Figure 2. RS-485/RS-422 isolation with power.

The configuration shown in Figure 2 offers high efficiency, at 81% typically for an input voltage supply of 5 V, for designs that have severe temperature constraints. The external transformer allows for a 500 kHz operation of the DC-to-DC converter, which provides a low EMI solution for designers constrained with very tight emissions requirements. The key trade-offs for system designers between the Figure 1 and Figure 2 solutions are more compact size and ease of use, vs. higher efficiency and a lower frequency emissions spectrum.

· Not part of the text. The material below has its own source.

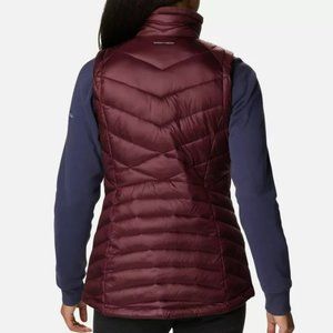 Women's Joy Peak Insulated Peach Blossom Vest with collar lined with plush fleece and a statement-making thermal-reflective gold lining keep you stylishly cozy. Size S (worn 3x). Women's Heavenly Vest thermal-reflective lining retains body heat, while the water-resistant fabric blocks light rain. Colour Malbec Size S (worn 10x)

In typical programmable logic controller designs, there are a variety of isolated supplies required for the I/Os, as well as the communications ports. This leads to the requirement for custom supplies to generate multiple isolated supplies, such as ±15 V, 5 V, and 3.3 V supplies from the same transformer core. The optimum cost choice in this situation is to select an isolated RS-485 transceiver that has only the signal isolation integrated, like the ADM2486, isolated PROFIBUS-compliant RS-485 transceiver. This provides the flexibility to choose an existing 5 V or 3.3 V isolated supply, or to use a separate over-wind on the transformer to generate the bus-side isolation voltage. Figure 3 shows a simplified case of a discrete DC-to-DC converter to illustrate how this configuration works with the ADM2486 transceiver.

Figure 3. RS-485/RS-422 isolation with power and external ON/OFF possibility.

ADI’s family of isolated RS-485/RS-422 transceivers also offers a variety of data rates up to 20 Mbps, up to 256 nodes on the bus, and half-duplex and full-duplex operation. Additionally, these integrated isolated RS-485 transceivers are all fully certified to UL and VDE with CSA certification available on request. They are 100% production tested up to 6800 V rms depending on the isolation products.

ADI’s integrated RS-485 isolated transceiver portfolio offers the flexibility and performance to meet system design requirements while bringing many advantages over the optocoupler approach. The enabling iCoupler transformer technology has been in volume production since 2001, and with over 4 billion channels shipped, its reliability is proven. iCoupler has a lifetime of greater than 50 years and does not suffer from the traditional wear-out that is fundamental to the alternative optocoupler technology.